Dementia significantly increases risk of COVID-19 infection, mortality

February 9, 2021

Dementia sufferers bear a higher COVID-19 risk. (AP Photo/Alexander Zemlianichenko)

People with dementia are at a significantly higher risk of contracting COVID-19 and experiencing more severe outcomes of the disease, including death, regardless of other factors, according to a study published in Alzheimer's & Dementia on Tuesday.

Study co-author Pamela B. Davis, a member of the Center for Clinical Investigation at Case Western Reserve University, said her findings illustrate the importance of providing vaccines to people with dementia, which is most commonly caused by Alzheimer's disease.

“We kind of expected that folks with dementia would have an increased risk of acquisition, and probably for severity of COVID-19, but we were a little bit surprised that dementia was such an independent risk factor,” Davis told The Academic Times.

The study notes that the reason for this is likely that patients with dementia experience recent memory loss before succumbing to long-term loss. It is possible patients with dementia are simply unable to comply with necessary precautions against COVID-19, Davis emphasized.

“We speculate that folks with dementia may have difficulty in following the recommendations to wear a mask, clean your hands and socially distance,” she said. “Recent memory is one of the first things that goes, and the instructions to do this are relatively recent.”

Davis explained that the team’s research started off as a medical record analysis of individuals with Alzheimer’s, aiming to single out which drugs could impact the course of dementia, in general. 

When COVID-19 emerged about midway through that study, lead author Rong Xu, from the Center for Artificial Intelligence at Case Western Reserve, began shifting attention to the fact that many risk factors for the virus are the same as those for dementia.

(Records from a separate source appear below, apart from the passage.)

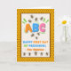 Custom front, add a name, Happy First Day of Preschool, paper greeting card with bees and honey comb. The bees are gathering around the letter B on the cover. Cute Bee verse inside. Change or add to the text on the cover and inside as desired. Art, image, and verse © Shoaff Ballanger Studios, 2024.
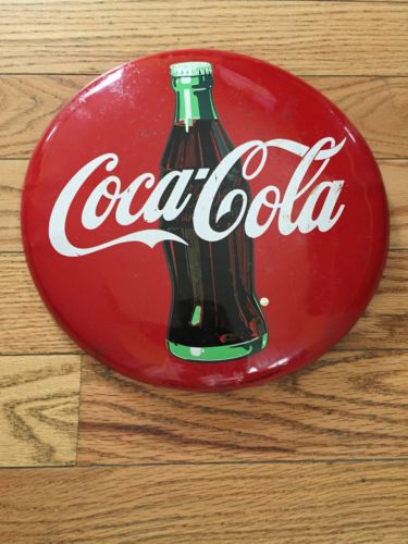 Title (ebay affiliate link): Coca Cola Round Button Advertising Sign Coke 1990 Coca-Cola Company Soda Ad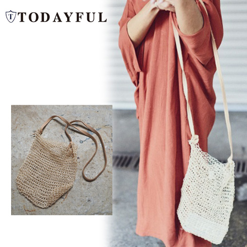 小さめのアバカ素材のポシェットがスタイリングにこなれ感を演出してくれます。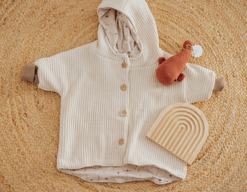 Oversized Jacke mit Kapuze – Strickstoff – Blumenjersey Futter – Holzknöpfe – Größe 68 – Handgemacht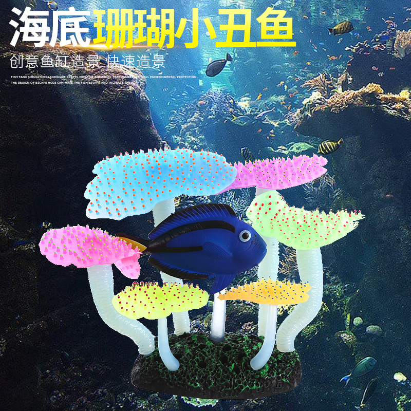 水槽の装飾品水槽のシリカゲルのサンゴのアネモネの小さい醜い魚のシリカゲルのサンゴのシミュレーションの海藻の装飾品
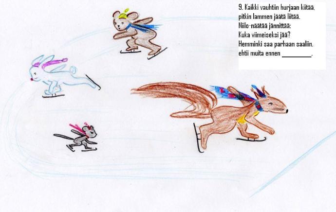 kiitää, Niilo-näätää jännittää: Kuka viimeiseksi jää? Hemminki saa parhaan saaliin, ehtii muita ennen __________. |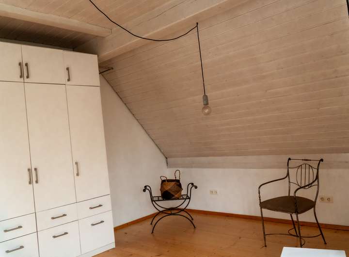 Über der Einzel- (manuell) und Doppelgarage (elektrisch) liegt eine liebevoll ausgebaute Scheunenwohnung – ideal als Gäste- oder Einliegerwohnung.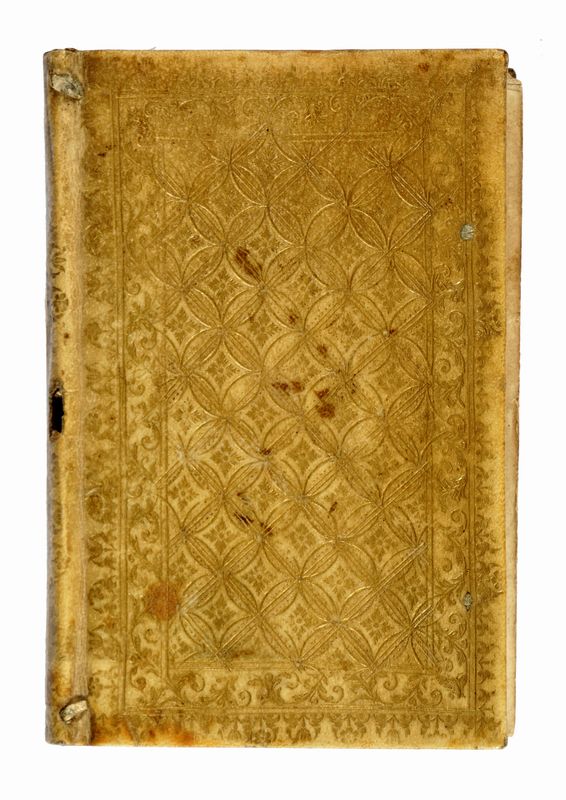 In-8° (mm 150x100). Pagine [32], 189, 1 bianca. Minime tracce d'uso, buono stato complessivo. Legatura coeva in piena pergamena con ferri dorati a motivo geometrico impressi su entrambi i piatti e al dorso, dove si trova anche il titolo manoscritto. Tagli in oro goffrati. Piccolissime mancanze in corrispondenza del dorso, macchioline. Si vende provvisto di permesso di esportazione.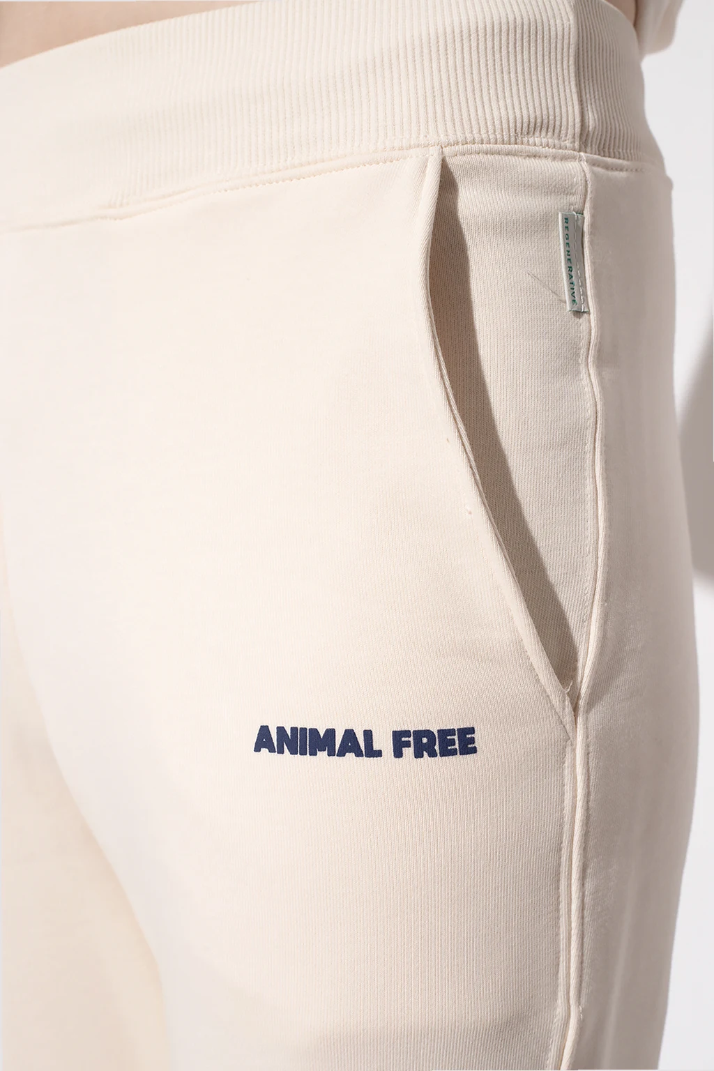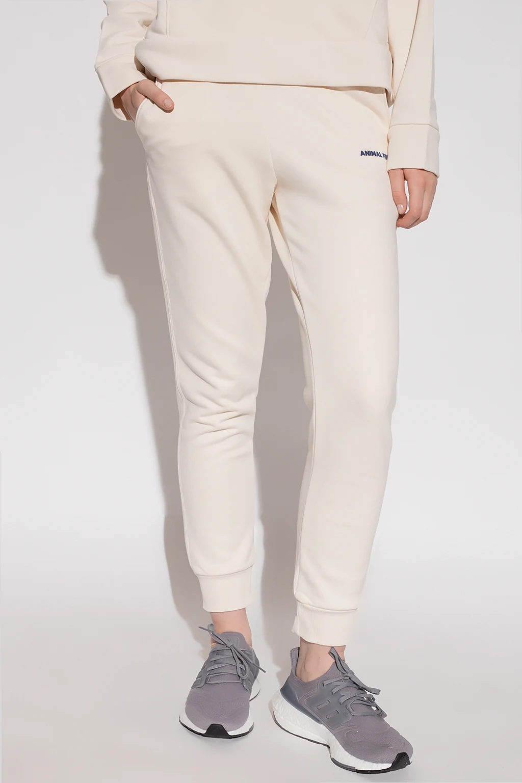 Cream ‘Robby’ sweatpants from Save The Duck. Crafted from a blend of organic cotton and recycled materials, this pair features an elastic waistband with drawstrings, ‘Animal Free’ lettering print, navy logo at the back, two front pockets, one back pocket and ribbed cuffs.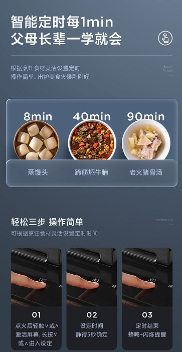 此外,它還支持多場(chǎng)景智能識(shí)別烹飪模式,在超高溫度下會(huì)自動(dòng)熄火;開(kāi)火后,120S內(nèi)無(wú)坐鍋,會(huì)自動(dòng)斷氣關(guān)火;發(fā)現(xiàn)干燒情況,會(huì)立即斷氣熄火,同時(shí)會(huì)蜂鳴提醒用戶,讓爸媽輕松下廚,無(wú)需后顧之憂。 智能定時(shí),輕松下廚更省心 傳統(tǒng)烹飪,我們需要寸步不離的在灶具前盯著菜肴、火候,不僅浪費(fèi)時(shí)間,而且需要及時(shí)調(diào)節(jié)火候,操作也比較繁瑣。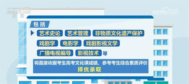 據(jù)了解,藝術(shù)類專業(yè)依據(jù)考生高考文化成績、專業(yè)考試成績,參考綜合素質(zhì)評價進行招生錄取。此次藝考改革一個重要的變化是,部分藝術(shù)類專業(yè)不再組織專業(yè)考試,包括藝術(shù)史論、藝術(shù)管理、非物質(zhì)文化遺產(chǎn)保護、戲劇學(xué)、電影學(xué)、戲劇影視文學(xué)、廣播電視編導(dǎo)、影視技術(shù)等,將直接依據(jù)考生高考文化課成績、參考考生綜合素質(zhì)評價,擇優(yōu)錄取。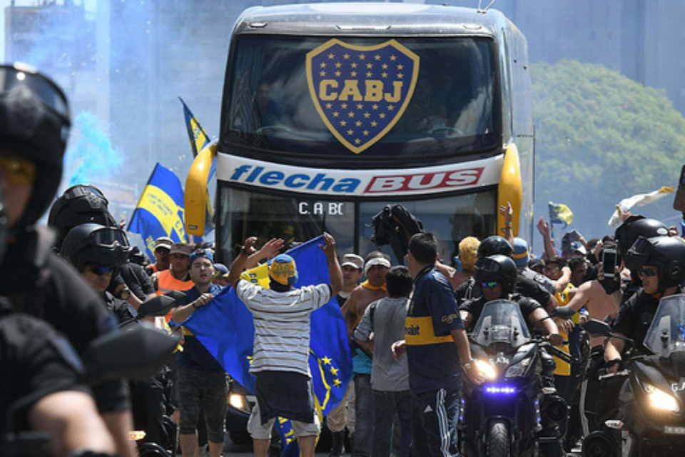אוטובוס השחקנים של בוקה אובטח שלא כראוי בדרכו לאיצטדיון ונרגם על ידי אוהדי ריבר. שמשות הרכב נופצו, רימוני גז נזרקו, ושני שחקני בוקה – אחד מהם הקפטן פבלו פרס – נלקחו לבית החולים. במקום לבטל את המשחק כפי שראוי היה לעשות, ההתאחדות הדרום אמריקאית התעקשה לקיימו כרגיל. הסיבות לכך הן כמובן כלכליות: זכויות השידור והעובדה שנשיא פיפ"א ג'יאני אינפנטינו נכח באיצטדיון.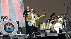 Members of the UK indie subculture combined thrifted dress clothing[357] from the mid-2000s to early 2010s with selected vintage clothing and new garments made to retro 1960s patterns[358] by companies such as Madcap England.[359] Artists including Sam Fender, Wet Leg, Lathums, Years & Years, and Wolf Alice popularized velvet or paisley tuxedo jackets in dark blue, green or burgundy, off the peg dark wash slim fit jeans, striped polo shirts with cardigan sweater styling,[359] white T-shirts, black leather jackets,[360] bucket hats, plaid or black miniskirts, dresses with red or black polka dots, striped throwback football shirts popularized by Sam Fender,[361] blouses especially in orange or brown, Argyle golfing sweaters,[360] black or grey Prince of Wales check sport-coats, checked western shirts, ripped jeans, red Doc Martens, suede Beatle boots with pointed toes, bowling shoes, brothel creepers, and parkas.[362][363][364]

“What surprised us, when we looked at the data, was that even after [Xu] controlled for the other risk factors, including nursing-home living, there was still an excess risk for patients with dementia,” Davis said.

In conducting the study, the team analyzed the de-identified records of an astounding 61.9 million adult and senior patients across all 50 states in the U.S. More than 1 million had a confirmed diagnosis of dementia, and over 15,000 were COVID-19 patients. 

After adjusting for external risk factors like age and other serious health conditions, the researchers found that patients with dementia, as a stand-alone factor, are at a much higher risk for COVID-19, particularly those with vascular dementia. The conclusion was based on the study's adjusted-odds ratio.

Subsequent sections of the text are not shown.